顾珩眼睛忽地一亮,“五哥,如果这次顾家旁枝被柳景胜利用,那我们倒可以借此彻底解决此隐患。”
“是,五哥正有此意,但他们是在暗处,你在明处,凡事你
要多留意!”五哥点了点她的眉心,“我把小舅舅留下的人脉全留给你,以后,金陵的信息,蓝屏会直接交给你。”
“小舅舅的人脉,原来这些年你跟小舅舅一直有联系?”
“嗯!”
原来如此,之前她就甚感奇怪,为什么五哥足不出户,却知道金陵所发生的一切事。
“五哥,既然小舅舅把人留给你,你就带上他们,路上也有个照应。”
“傻丫头,这些人留在金陵方有施展手脚的余地,到了西南,自有小舅舅的人与我联系,你莫担心,好好照顾好自己就好。”
顾珩落寂地颔首,想到即将与五哥分别,顾珩心情低落。
少年伸手抚了抚她的发顶,又拉她到铜镜前,兄妹二人对着镜子看了会,顾珩比了比,嘟喃,“五哥,你都快高我半个头了,你都吃什么啦。”
“该长的时候,便是喝水也能长个。
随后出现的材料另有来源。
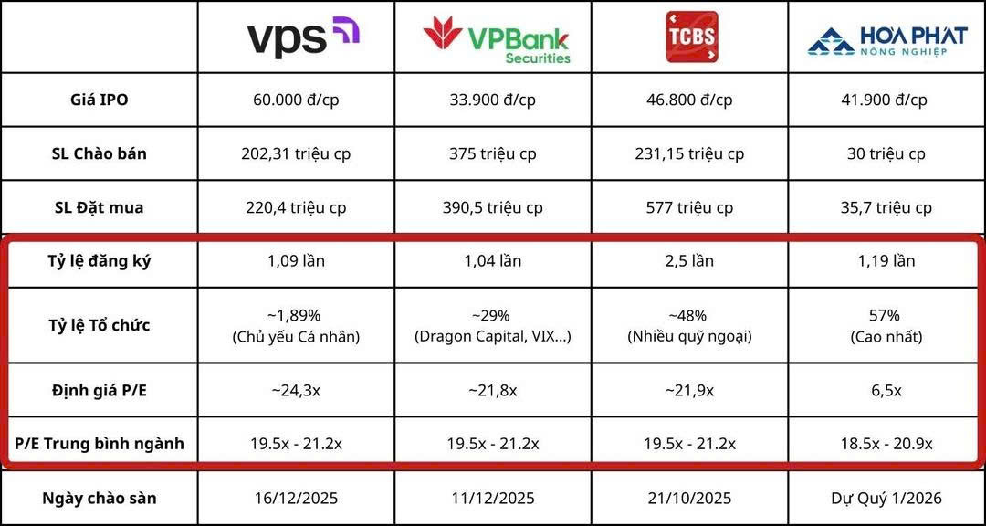 Nhìn lại 4 cổ IPO gần đây thì TCX và HPA có tổ chức đăng ký mua nhiều nhất lần lượt 48% và 57%. Đặc biệt sau 3 deal IPO của công ty chứng khoán không quá thành công về ngày lên sàn thì HPA ít được PR rầm rộ nhưng có tỷ lệ tổ chức tham gia cao.

陪五哥下盘棋?”
“好!”顾珩这才心满意足地笑了,可惜事与愿违,没多久,外院的婆子来找顾珩,说是顾仲秋让他去抱竹轩见客。
这是极罕见之事,顾仲秋向来很少带顾珩出去见同僚。
“或许是对方要求的,父亲推托不过,你去吧,若是晚了,就在外院歇着,免得进进出出引旁人多嘴,坏了你的名声。”
少年担心的是坏了顾芊琅的名声。
“哦!”顾珩扁着嘴,看了看自己搭好的被子,叮嘱,“那你不要动它,或许我早回来呢。”
“行,去吧!”
顾珩离开,少年回到案桌前,正提笔,窗子却无声推开,容霁如鬼魅般跃了进来。
少年当即明白,启声道:“七殿下引走琅琅,是有话对顾珩说?”
容霁脸色煞白煞白,下一瞬,单手便掐住了少年的咽喉,薄笑直达眼际,“之行,杀你不过是捏死一只蚂蚁。”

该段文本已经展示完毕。